YOUR GOAL >>
Without reproducing any picture, copy the records word for word.

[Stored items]
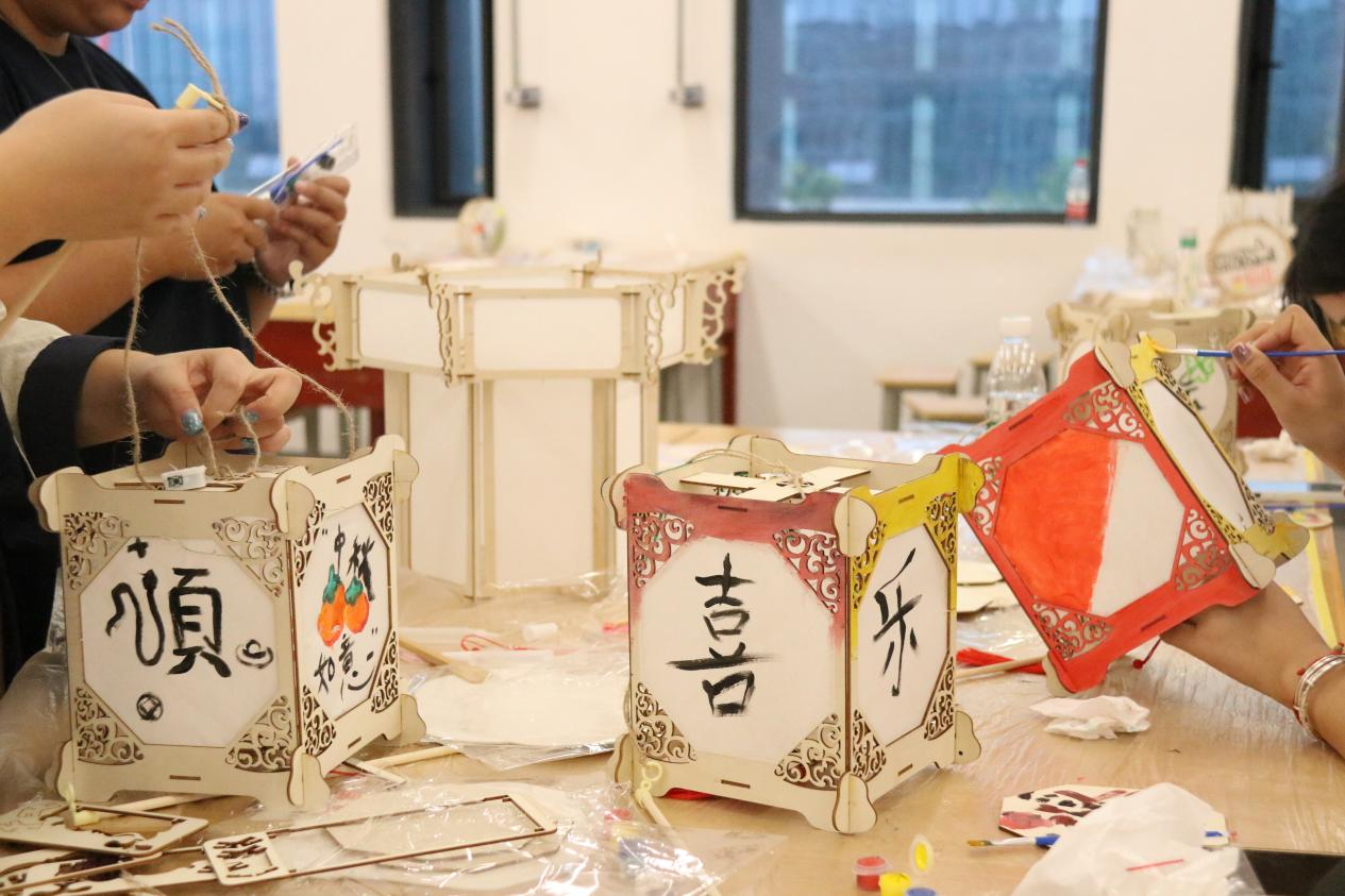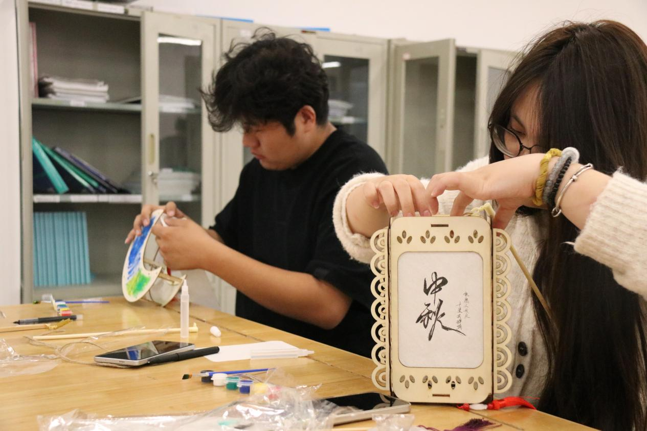 活動(dòng)現(xiàn)場(chǎng),木質(zhì)燈籠組件、顏料、宣紙、扇骨等材料整齊擺放,在溫暖燈光的映照下,處處洋溢著濃厚的節(jié)日氛圍。在木質(zhì)燈籠制作環(huán)節(jié),同學(xué)們首先通過教學(xué)視頻,系統(tǒng)了解了傳統(tǒng)燈籠的文化寓意、拼接技巧以及榫卯結(jié)構(gòu)的對(duì)齊與固定方法,加深了對(duì)燈籠制作工藝的理解。隨后,大家分組協(xié)作,手持木件耐心拼接,彼此交流制作心得——“這里要卡緊”“這里加點(diǎn)顏色會(huì)更生動(dòng)”。原本零散的部件在歡聲笑語中逐漸成型,系上繩結(jié)、掛上流蘇,最后點(diǎn)亮燈芯。一盞盞承載巧思的燈籠透出溫暖光芒,映照出每個(gè)人臉上滿足的笑容。
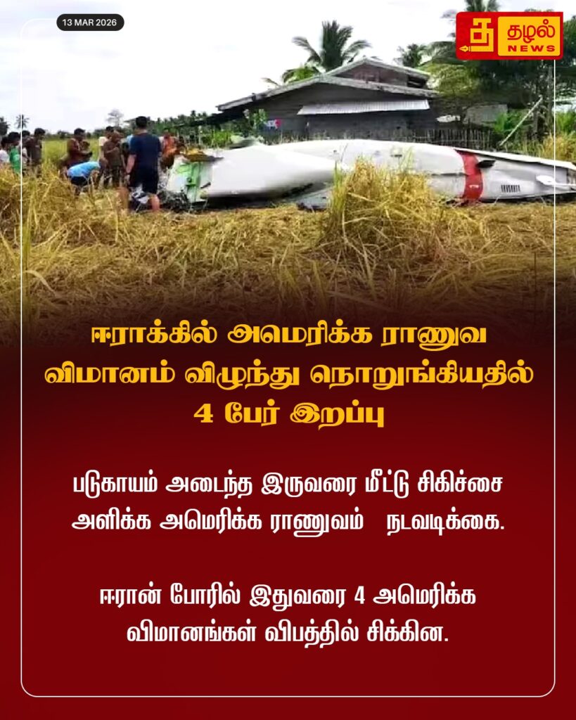 ஈராக்கில் அமெரிக்க ராணுவ விமானம் விழுந்து நொறுங்கியதில் 4 பேர் இறப்பு.
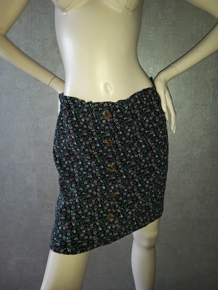jupe noire et fleurie la halle taille 36/38, taille élastique, longueur 47 cm #36petitefee3
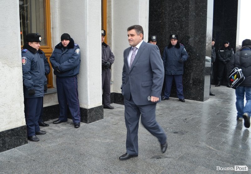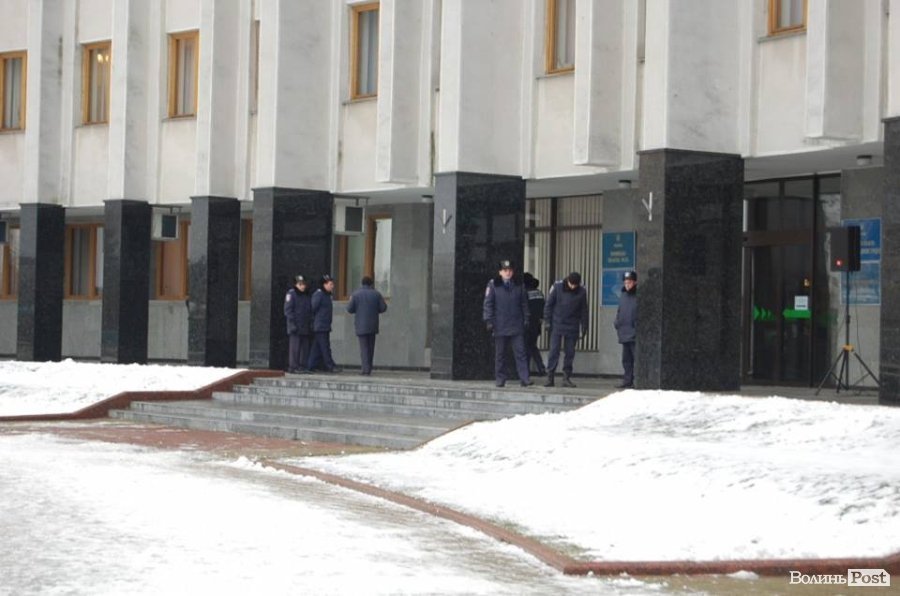 Біля бокового входу порядок охороняють щонайменше 30 правоохоронців. Також на місці події присутні головний міліціонер Волині Олександр Терещук, начальник луцького міськвідділу МВС Василь Марчишак.
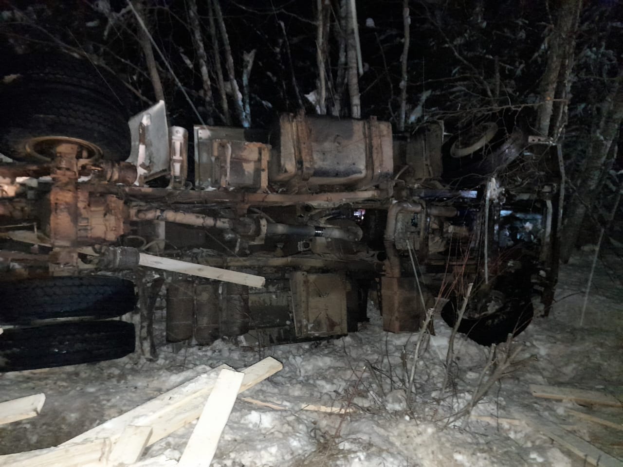 На дороге между селами Усть-Нем и Усть-Кулом 22 декабря в 23:00 произошла дорожная авария. Из прицепа МАЗа, нагруженного древесиной, на дорогу высыпались доски. Вслед за груженым МАЗом двигался такой же аварийно-спасательный большегруз, которым управлял 27-летний мужчина.
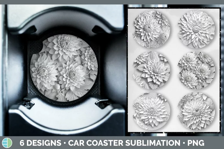 3D Dahlia Flowers Car Coaster | Sublimation Coaster Designs

COMPLETED EXERCISE >>
 活動(dòng)現(xiàn)場(chǎng),木質(zhì)燈籠組件、顏料、宣紙、扇骨等材料整齊擺放,在溫暖燈光的映照下,處處洋溢著濃厚的節(jié)日氛圍。在木質(zhì)燈籠制作環(huán)節(jié),同學(xué)們首先通過教學(xué)視頻,系統(tǒng)了解了傳統(tǒng)燈籠的文化寓意、拼接技巧以及榫卯結(jié)構(gòu)的對(duì)齊與固定方法,加深了對(duì)燈籠制作工藝的理解。隨后,大家分組協(xié)作,手持木件耐心拼接,彼此交流制作心得——“這里要卡緊”“這里加點(diǎn)顏色會(huì)更生動(dòng)”。原本零散的部件在歡聲笑語中逐漸成型,系上繩結(jié)、掛上流蘇,最后點(diǎn)亮燈芯。一盞盞承載巧思的燈籠透出溫暖光芒,映照出每個(gè)人臉上滿足的笑容。
 ஈராக்கில் அமெரிக்க ராணுவ விமானம் விழுந்து நொறுங்கியதில் 4 பேர் இறப்பு.
jupe noire et fleurie la halle taille 36/38, taille élastique, longueur 47 cm #36petitefee3
 Біля бокового входу порядок охороняють щонайменше 30 правоохоронців. Також на місці події присутні головний міліціонер Волині Олександр Терещук, начальник луцького міськвідділу МВС Василь Марчишак.
 На дороге между селами Усть-Нем и Усть-Кулом 22 декабря в 23:00 произошла дорожная авария. Из прицепа МАЗа, нагруженного древесиной, на дорогу высыпались доски. Вслед за груженым МАЗом двигался такой же аварийно-спасательный большегруз, которым управлял 27-летний мужчина.
 3D Dahlia Flowers Car Coaster | Sublimation Coaster Designs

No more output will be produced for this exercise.